• Graph Neural Networks (GNNs) are a type of neural network architecture designed for processing graph-structured data. Graphs are a versatile data structure that can represent complex relationships, and GNNs extend traditional neural networks to operate directly on graphs.
  • GNNs can aggregate information from neighboring nodes, capture local and global graph structures, and make predictions based on graph-structured data.
  • They have been successfully applied to various applications, such as node classification, link prediction, and recommendation systems.
  • Popular GNN architectures include Graph Convolutional Networks (GCNs), Graph Attention Networks (GATs), GraphSAGE, and GGNNs.
  • GNNs are used in several industry applications such as Maps for Google/Uber,and Social Network for LinkedIn, Instagram, and Facebook.
  • GNNs are able to take advantage of both content information, such as user and item features, as well as the underlying graph structure, which may include user-item interactions or relationships with other entities, like sports.
  • In contrast, traditional models often rely on just one of these sources of information.
  • GNN implementation can easily be done by Pytorch Geometric or Deep Graph Library.
  • The image below (source) shows the different types of graphs but note, recommenders are usually bipartite graph.


  • Remember a graph is made up of sets of nodes or vertices that are connected by edges.

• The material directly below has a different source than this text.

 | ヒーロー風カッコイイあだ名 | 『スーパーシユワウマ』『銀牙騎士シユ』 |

GNN’s at a high level can be though of as an encoder-decoder architecture where the user and items are the nodes in the graph encoder and the edges represent the relationships or interactions between them.
  • In the encoder phase, the graph is fed into the GNN, which computes a representation or embedding for each node based on its local neighborhood and the overall graph structure. This embedding can capture both the content or features of the node as well as its context within the graph.
  • In the decoder phase, the GNN is used to make predictions or recommendations based on the learned node embeddings. This can involve computing similarity or distance measures between pairs of nodes, or using the embeddings as inputs to a downstream classifier or regression model.
  • One advantage of using GNNs for recommender systems is that they can incorporate both explicit and implicit feedback from users, as well as contextual information such as time or location. Additionally, GNNs can be used to model complex relationships between users and items, such as multi-modal interactions or hierarchical structures.
  • The image below (source) shows a high level overview of how GNN’s work for Recommendation.
  • In GNN-based recommender systems, generating embeddings refers to the process of representing the user and item nodes in the graph as low-dimensional feature vectors, or embeddings, that capture the relevant information about the node and its connections to other nodes in the graph and this is generally achieved through neural message passing.
  • Finally, the prediction of preferences is done via using cosine similarity.

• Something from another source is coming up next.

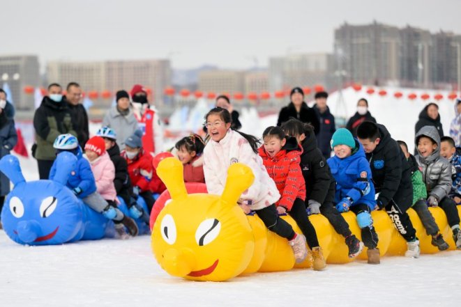 2月1日,小朋友在呼和浩特市東河冰場(chǎng)參與冰雪親子趣味運(yùn)動(dòng)會(huì)。新華社記者 李志鵬 攝

Embedding Generation: Neural Message Passing

  • Generating embeddings in GNN is typically achieved through information propagation, also known as neural message passing, which involves passing information between neighboring nodes in the graph in a recursive manner, and updating the node representations based on the aggregated information.
  • The propagation process allows the embeddings to capture both local and global information about the nodes, and to incorporate the contextual information from their neighbors.
  • By generating informative and expressive embeddings, GNN-based recommenders can effectively capture the complex user-item interactions and item-item relations, and make accurate and relevant recommendations.
  • Neural message passing is a key technique for generating embeddings in GNN-based recommender systems. It allows the nodes in the graph to communicate with each other by passing messages along the edges, and updates their embeddings based on the aggregated information.
  • At a high level, the message passing process consists of two steps: message computation and message aggregation. In the message computation step, each node sends a message to its neighboring nodes, which is typically computed as a function of the node’s own embedding and the embeddings of its neighbors. The message function can be a simple linear transformation, or a more complex non-linear function such as a neural network. In the message aggregation step, each node collects the messages from its neighbors and aggregates them to obtain a new representation of itself. The aggregation function can also be a simple sum or mean, or a more complex function such as a max-pooling or attention mechanism.
  • The message passing process is usually performed recursively for a fixed number of iterations, allowing the nodes to exchange information with their neighbors and update their embeddings accordingly. The resulting embeddings capture the local and global information about the nodes, as well as the contextual information from their neighbors, which is useful for making accurate and relevant recommendations.
  • Some common algorithms and techniques used for neural message passing in GNNs are:
    • Graph Convolutional Networks (GCNs): GCNs apply a localized convolution operation to each node in the graph, taking into account the features of its neighboring nodes. This allows for the aggregation of information from neighboring nodes to update the node’s feature representation.
    • Graph Attention Networks (GATs): GATs use a learnable attention mechanism to weigh the importance of neighboring nodes when updating a node’s feature representation. This allows the model to selectively focus on the most relevant neighbors.
    • GraphSAGE: GraphSAGE uses a hierarchical sampling scheme to aggregate information from the neighborhood of each node. This allows for efficient computation of node embeddings for large graphs.
    • Message Passing Neural Networks (MPNNs): MPNNs use a general framework for message passing between nodes in a graph, allowing for flexibility in modeling different types of interactions.
  • In the context of graph neural networks (GNNs) for recommender systems, the goal is to generate embeddings for the user and item nodes in the graph. The embeddings can then be used for tasks such as candidate generation, scoring, and ranking.
  • The process of generating embeddings involves multiple GNN layers, each of which performs an exchange of information between immediate neighbors in the graph. At each layer, the information exchanged is aggregated and processed to generate new embeddings for each node. This process can be repeated for as many layers as desired, and the number of layers determines how far information is propagated in the graph.
  • For example, in a 2-layer GNN model, each node will receive information from its immediate neighbors (i.e., nodes connected by an edge) and its immediate neighbors’ neighbors. This allows information to be propagated beyond direct neighbors, potentially capturing higher-level structural relationships in the graph.
  • “Here is the pseudo-code, for a given node:
    • Fetch incoming messages from all neighbors
    • Reduce all those messages into 1 message by doing mean aggregation
    • Matrix multiplication of the neighborhood message with a learnable weight matrix
    • Matrix multiplication of the initial node message with a learnable weight matrix
    • Sum up the results of step 3 and 4
    • Pass the sum through a relu activation function
    • Repeat for as many layers as wished. The result is the output of the last layer.” (source)
  • The image below (source), visually represents this pseudo code.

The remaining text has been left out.